Shapiro’s inbox was flooded with back-and-forth emails among lawyers on the defense team and new lawyers joining up, it seemed, by the hour. It would be a full-time job just reading all the email. One stood out, though, with a subject header in all capital letters saying EVERYBODY READ THIS ONE.

It was from Shapiro’s client, Aaron Hocksberg. He was incensed by the arrests in general and by his arrest in particular. The partners in his primarily Jewish law firm voted to devote a don’t-worry-about-the-budget effort to representing detainees. The email contained a draft of a petition for a writ of habeas corpus that the firm prepared as a model for all the cases. It was twenty-five pages long.

This is good, Shapiro thought, this is very good. I wouldn’t want to guess how many associates have been awake for the past couple of nights pounding this out.

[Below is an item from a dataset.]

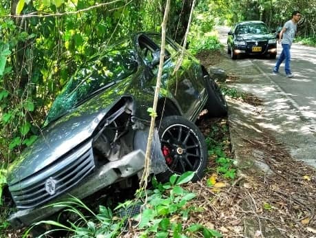 Victoria. Defensa Civil atendió accidente en la vía a La Dorada (recta El Portento). Un carro se salió de la vía y dejó lesionadas a dos personas. La comunidad colaboró en las labores de rescate.
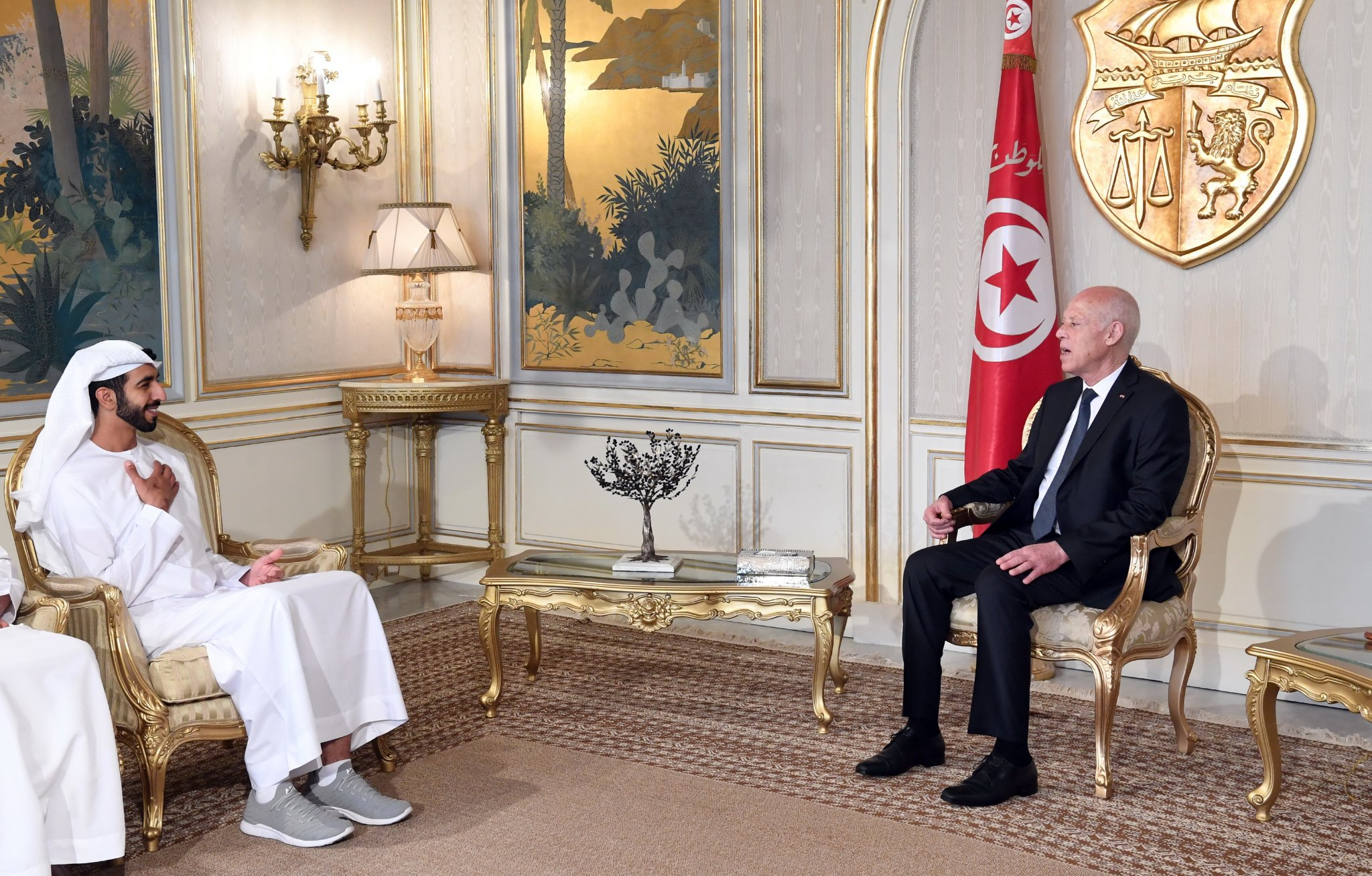 وجدّد الرئيس التونسي شكره لدولة الإمارات على ما تُبديه من حرص على دعم تونس في مختلف المجالات والوقوف إلى جانبها، انطلاقاً من إيمان مشترك بعمق العلاقات التاريخية القائمة بين البلدين، وبضرورة تعزيز هذه الروابط الأخوية وتنويعها خدمة لمصلحة الشعبين الشقيقين، حسب بيان للرئاسة التونسية.

The petition traced the history of the writ of habeas corpus back past the founding of the United States and through English history. It referred to a case brought in 1627 by Englishmen jailed by King Charles I. The king locked them up without charge for failing to assist England’s war against France and Spain. The prisoners sought writs of habeas corpus, arguing that without specific charges, they should not be imprisoned. The king’s attorney general replied that the Crown’s interest in protecting the realm justified suspending the ordinary judicial process. The king prevailed, but there was such outrage that Parliament responded with the Petition of Right in 1628, which prohibited imprisonment without formal charges. The petition said that Parliament next passed the Habeas Corpus Act of 1679, which required the government to bring formal criminal charges against any person held in custody within three months of his arrest, bringing to an end the process of arresting people and holding them indefinitely without criminal charges.

That’s what they are doing with our detainees, Shapiro thought.

The petition then crossed the Atlantic and emphasized that the only individual right included in the original United States Constitution, even before the Bill of Rights added the first ten amendments, was the right to petition a court for a writ of habeas corpus. The petition pointed out that all other individual rights, such as freedom of speech and religion and the right not to be deprived of life or property without due process of law, were all added later, starting with the Bill of Rights. The Founders felt that only the right to habeas corpus was vital enough to be included in the body of the original constitution.

This is powerful legal argument, Shapiro thought. Fundamental to our rights as a free nation.

Shapiro read the remainder of the petition, which read like a historical tour through colonial and Civil War America. He skipped to the bottom line, to the Relief Requested portion.